===== Recorded data

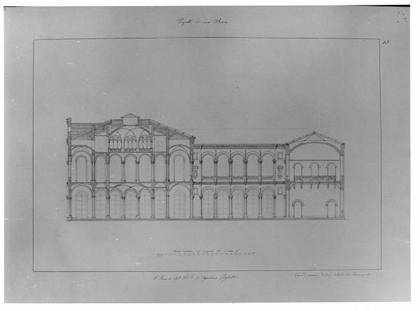 - NOTIZIE STORICO CRITICHE Appartiene ad una serie di 4 tavole presentate da Agostino Rosselli al concorso di II classe per l'invenzione del 1856. La tavola è conservata nella cartella A I 194, contenente i saggi premiati ai concorsi di II classe della scuola di Architettura della Accademia di Brera.
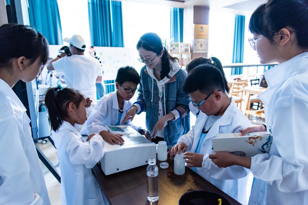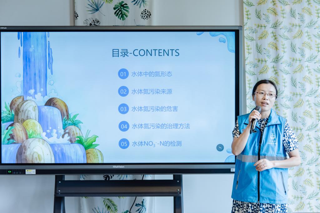 首先郁红艳老师从水体氮的种类和来源、水体氮污染和治理方法、水体中硝态氮及其含量测定方法四个方面为小员工们进行了保护水资源的科普讲解,让同学们深刻认识到水体氮污染的危害,从而认识到保护水资源的重要性。科普结束后,郁老师还详细讲解了不同水样的硝态氮含量检测实验过程,随后同学们分为三队由志愿者引导进行实地水样采集和水样中硝态氮含量的测定。郁老师和志愿者们协助小员工们利用紫外可见分光光度计测定了3个不同取样点水样的硝态氮含量,从方法原理、仪器步骤到数据记录,每一步实验步骤的参与让同学们充分体验到了硝态氮的测定工作。同学们兴趣勃勃,每个人都积极操作感受,并向志愿者提出问题,志愿者们也进行了耐心解答,现场氛围十分活跃。科普和实验过程中同学们都积极参与互动,展示了活力、热情和对知识的渴望。
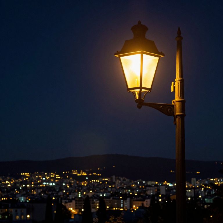 Warm light emanates from a vintage streetlamp, casting a golden glow against the star-studded night sky as distant hills and a twinkling cityscape stretch out below.

==========

• Assigned task:
In your answer, repeat the material above in full, exactly, and without its pictures.

• Solution below:
 - NOTIZIE STORICO CRITICHE Appartiene ad una serie di 4 tavole presentate da Agostino Rosselli al concorso di II classe per l'invenzione del 1856. La tavola è conservata nella cartella A I 194, contenente i saggi premiati ai concorsi di II classe della scuola di Architettura della Accademia di Brera.
 首先郁红艳老师从水体氮的种类和来源、水体氮污染和治理方法、水体中硝态氮及其含量测定方法四个方面为小员工们进行了保护水资源的科普讲解,让同学们深刻认识到水体氮污染的危害,从而认识到保护水资源的重要性。科普结束后,郁老师还详细讲解了不同水样的硝态氮含量检测实验过程,随后同学们分为三队由志愿者引导进行实地水样采集和水样中硝态氮含量的测定。郁老师和志愿者们协助小员工们利用紫外可见分光光度计测定了3个不同取样点水样的硝态氮含量,从方法原理、仪器步骤到数据记录,每一步实验步骤的参与让同学们充分体验到了硝态氮的测定工作。同学们兴趣勃勃,每个人都积极操作感受,并向志愿者提出问题,志愿者们也进行了耐心解答,现场氛围十分活跃。科普和实验过程中同学们都积极参与互动,展示了活力、热情和对知识的渴望。
 Warm light emanates from a vintage streetlamp, casting a golden glow against the star-studded night sky as distant hills and a twinkling cityscape stretch out below.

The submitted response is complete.